“Sustainable development” and “sustainability” have become mantras of environmentalists, the UN, federal, state, and local governments, and even some corporations that strive to be politically correct. The City of Tucson has an Office of Conservation and Sustainable Development. Perusal of that site shows that City bureaucrats and administrators have swallowed carbon-dioxide flavored Kool-Aid and sing Kumbaya to each other.
Sustainable development (aka Agenda 21) has its origins in a United Nations program. Henry Lamb of Sovereignty International traces its history in an article in Canada Free Press:
Agenda 21 was developed over a period of time, traceable from the 1972 U.N. Conference on the Environment, which identified “environmental protection” as the world’s greatest problem, and gave the world the U.N. Environmental Programme, followed almost immediately by Nixon’s Executive Order that created the EPA.
Then came the 1976 U.N. Conference on Human Settlements, signed by the U.S., which proclaimed that “Public control of land use is…indispensable.” The next major step was the creation of the U.N. World Commission on Environment and Development in 1983, chaired by Gro Harlem Brundtland. The commission issued its final report in 1987, called Our Common Future. This document produced the concept and defined the term “Sustainable Development” to be: “Development that meets the needs of the present without compromising the ability of future generations to meet their own needs.”
This rather ambiguous definition was spelled out in great detail in a 40-chapter, 300-page document titled Agenda 21, signed and adopted by 179 nations in 1992 at the U.N. Conference on Environment and Development in Rio de Janeiro.
A document from that 1976 UN conference states: “Land…cannot be treated as an ordinary asset, controlled by individuals and subject to the pressures and inefficiencies of the market. Private land ownership is also a principal instrument of accumulation and concentration of wealth and therefore contributes to social injustice…”
From “Our Common Future” we find this definition: “Sustainable development is development that meets the needs of the present without compromising the ability of future generations to meet their own needs.”
On the surface, that sounds all warm and fuzzy, perhaps even prudent. But below the surface we find impracticality and an assault on private property rights and liberty.
Sustainable development invariably involves giving some central authority control over the economy. The former Soviet Union is a good example of how badly that works.
The reason central planning doesn’t work is that we cannot know what the needs of future generations will be. The concept of sustainable development is actually one of arrogance. How is your crystal ball working?

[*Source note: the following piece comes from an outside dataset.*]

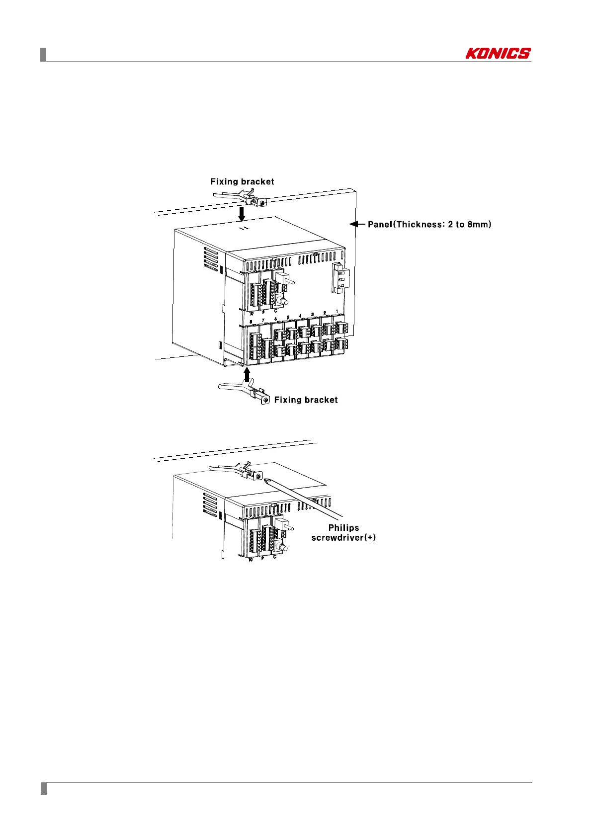 2nd Tighten fixing brackets on upper/lower parts to fix on the panel with phillips

For instance, a sustainable development planner in the 1890s would seek to control whale oil for heating, rock salt for food preservation, and draft horses for transportation and agriculture. Fifty years ago, who would have considered the role rare earth minerals play in our current electronic age? Under the illogic of sustainable development, no generation has the right to use or draw-down the natural resource base given that a future generation has a claim on those resources, and the generation after that has a claim and so on, i.e., no resource rights exist for any generation.
Under sustainable development we have developed unsustainable, uneconomic “green” energy that would not exist without being heavily subsidized by a government that thinks it knows better.
Just a few years ago myopic academics were worried about “peak oil”, the imagined end to a resource upon which our civilization depends. Then came shale oil and natural gas discoveries.
As a political philosophy, sustainable development will not accomplish “fairness” in seeing that everyone will get a fair piece of the pie, because under government control of resources, the pie will become much smaller.
On a resource conservation basis, sustainable development is a “glass-half-empty” philosophy. Only by maximizing knowledge, technology and wealth today, will we insure that the needs of tomorrow are met. Ultimately sustainable development is itself unsustainable and anathema to a free society.